_Directions for this task:_ When the listing below reaches the line that has "3.  Roll slice", start reproducing exactly; stop after the line that has "Renkli erkek spor", and drop the pictures.

_Source records:_
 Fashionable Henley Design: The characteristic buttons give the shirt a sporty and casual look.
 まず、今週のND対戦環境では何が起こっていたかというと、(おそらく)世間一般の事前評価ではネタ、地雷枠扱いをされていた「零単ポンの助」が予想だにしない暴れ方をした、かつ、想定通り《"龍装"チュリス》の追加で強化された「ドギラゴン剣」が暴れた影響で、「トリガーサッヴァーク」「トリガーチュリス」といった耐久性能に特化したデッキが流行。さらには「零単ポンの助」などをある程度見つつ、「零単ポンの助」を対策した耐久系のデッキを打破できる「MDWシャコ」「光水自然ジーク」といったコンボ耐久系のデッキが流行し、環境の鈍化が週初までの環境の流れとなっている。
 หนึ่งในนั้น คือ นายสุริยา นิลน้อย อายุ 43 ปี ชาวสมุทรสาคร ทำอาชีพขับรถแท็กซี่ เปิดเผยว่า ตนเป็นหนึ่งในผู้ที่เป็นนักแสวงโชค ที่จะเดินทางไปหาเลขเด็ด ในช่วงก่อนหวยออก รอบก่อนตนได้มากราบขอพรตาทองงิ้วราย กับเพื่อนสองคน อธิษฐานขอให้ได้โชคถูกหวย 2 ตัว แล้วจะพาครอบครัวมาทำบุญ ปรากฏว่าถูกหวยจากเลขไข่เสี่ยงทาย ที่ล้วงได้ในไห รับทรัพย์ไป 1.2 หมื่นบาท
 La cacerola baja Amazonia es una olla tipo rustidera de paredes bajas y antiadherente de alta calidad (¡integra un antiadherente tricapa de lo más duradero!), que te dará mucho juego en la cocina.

--

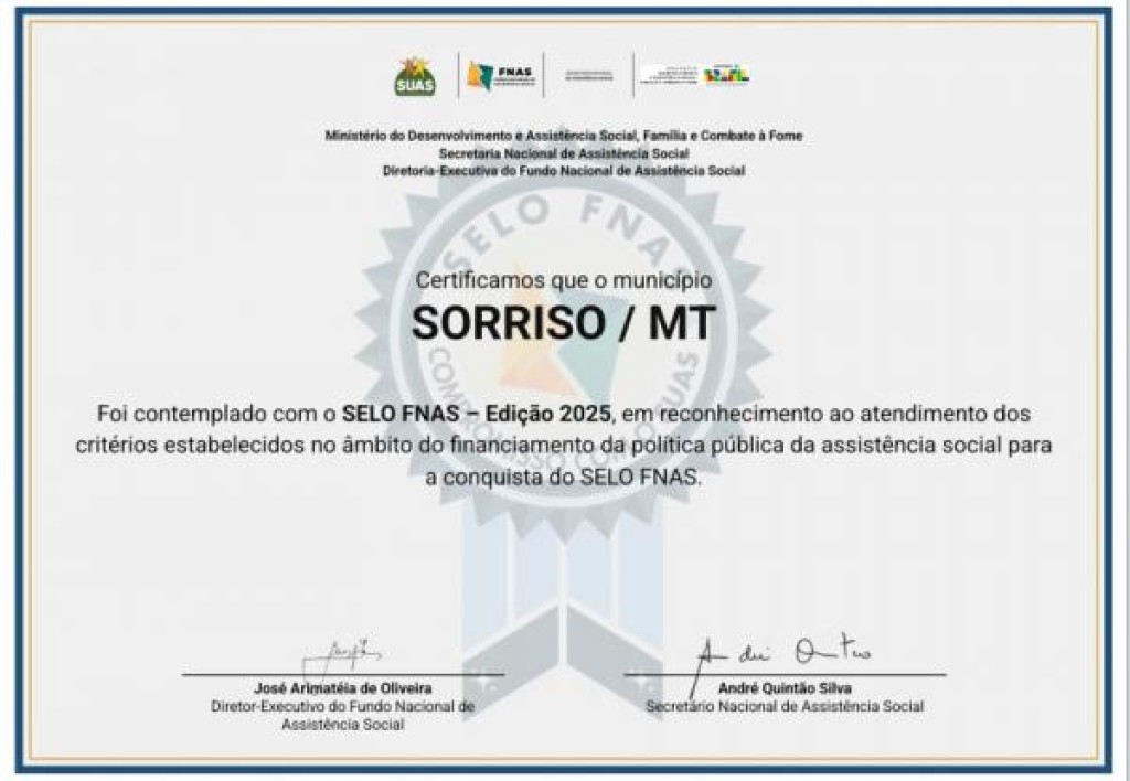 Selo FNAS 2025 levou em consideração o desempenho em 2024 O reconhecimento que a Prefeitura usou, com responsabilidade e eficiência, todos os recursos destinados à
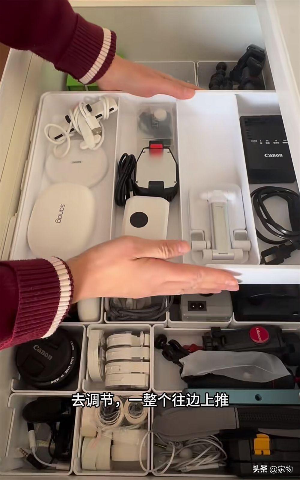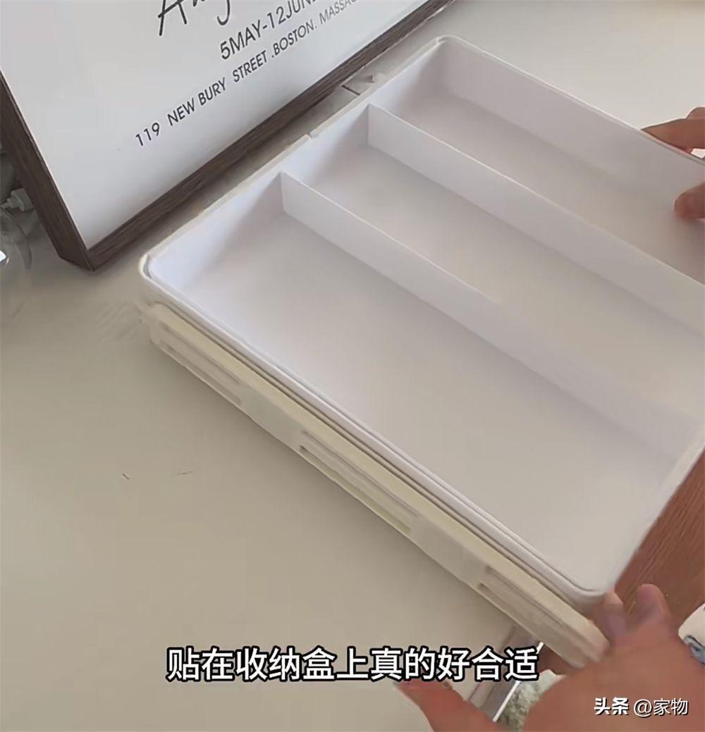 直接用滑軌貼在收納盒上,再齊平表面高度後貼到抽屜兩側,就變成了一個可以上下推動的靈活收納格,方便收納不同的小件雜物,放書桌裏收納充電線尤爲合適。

==

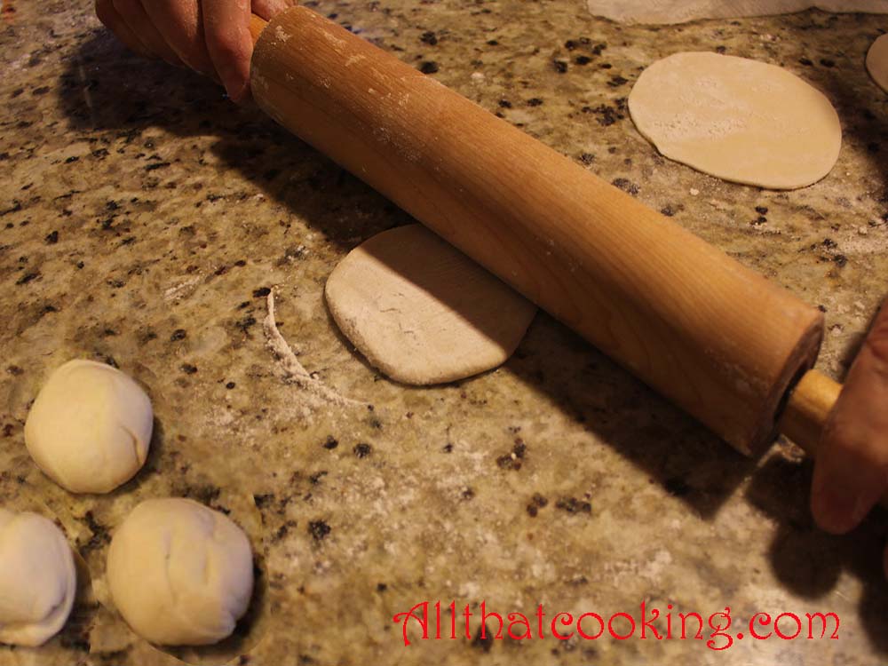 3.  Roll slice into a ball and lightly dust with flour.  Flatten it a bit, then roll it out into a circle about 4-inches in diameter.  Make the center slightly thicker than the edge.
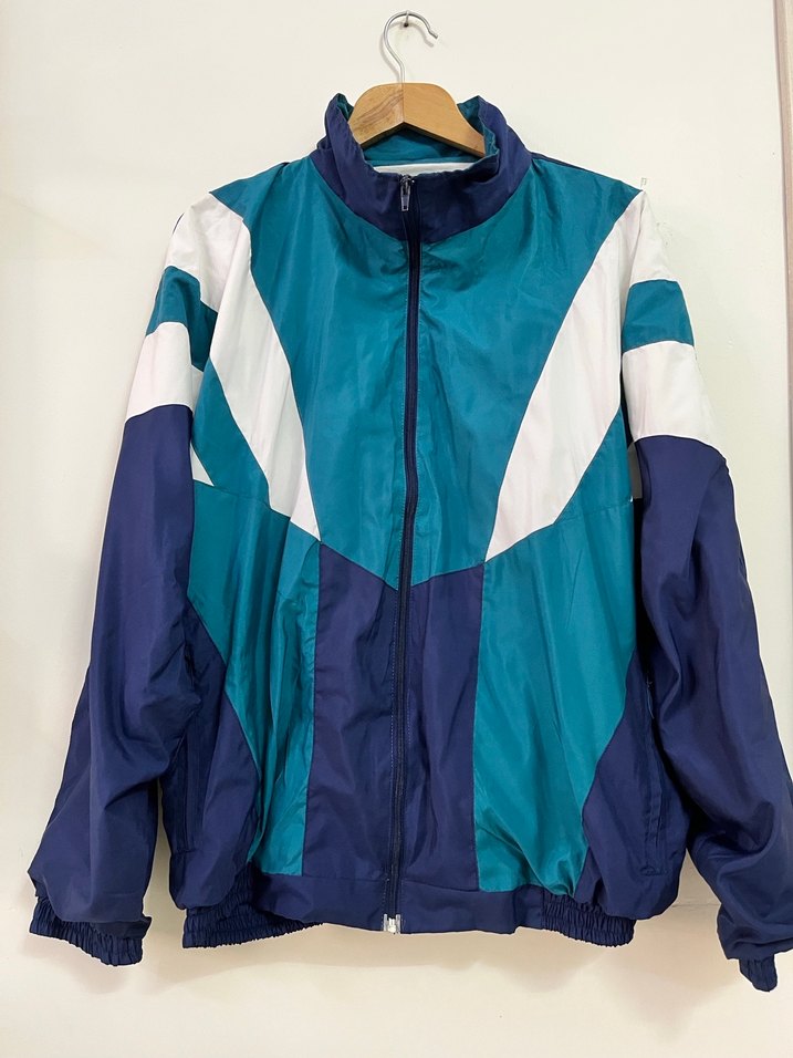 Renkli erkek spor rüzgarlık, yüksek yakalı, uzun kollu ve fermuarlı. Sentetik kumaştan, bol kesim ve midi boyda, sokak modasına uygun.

_Reply:_
 3.  Roll slice into a ball and lightly dust with flour.  Flatten it a bit, then roll it out into a circle about 4-inches in diameter.  Make the center slightly thicker than the edge.
 Renkli erkek spor rüzgarlık, yüksek yakalı, uzun kollu ve fermuarlı. Sentetik kumaştan, bol kesim ve midi boyda, sokak modasına uygun.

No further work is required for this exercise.